The U.S. Equal Employment Opportunity Commission
|June 27, 2002|
__________________ ________________________________________ Date Cari M. Dominguez Chair
In light of the Supreme Court's decision in Hoffman Plastic Compounds, Inc. v. National Labor Relations Board, 122 S. Ct. 1275 (2002), the Commission is reexamining its position on remedies for undocumented workers set forth in its November 26, 1999 "Enforcement Guidance on Remedies Available to Undocumented Workers Under Federal Employment Discrimination Laws." In Hoffman, a National Labor Relations Act (NLRA) case, the Supreme Court held that the National Labor Relations Board's award of "backpay to an undocumented alien who has never been legally authorized to work in the United States" is "foreclosed by federal immigration policy."
The Court's holding bars an award of backpay under the NLRA to an undocumented worker for any period following the termination of his or her employment. Because the Commission's 1999 Enforcement Guidance relied on NLRA cases to conclude that undocumented workers are entitled to all forms of monetary relief - including post-discharge backpay - under the federal employment discrimination statutes, the Commission has decided to rescind that Guidance. The Commission will evaluate the effect Hoffman may have on the availability of monetary remedies to undocumented workers under the federal employment discrimination statutes.
The Supreme Court's decision in Hoffman in no way calls into question the settled principle that undocumented workers are covered by the federal employment discrimination statutes and that it is as illegal for employers to discriminate against them as it is to discriminate against individuals authorized to work.

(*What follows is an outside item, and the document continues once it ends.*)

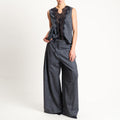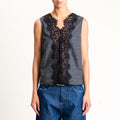 Tensione in- Top principe di galles con pizzo - grigio

When enforcing these laws, EEOC will not, on its own initiative, inquire into a worker's immigration status. Nor will EEOC consider an individual's immigration status when examining the underlying merits of a charge. The Commission will continue vigorously to pursue charges filed by any worker covered by the federal employment discrimination laws, including charges brought by undocumented workers, and will seek appropriate relief consistent with the Supreme Court's ruling in Hoffman. Enforcing the law to protect vulnerable workers, particularly low income and immigrant workers, remains a priority for EEOC.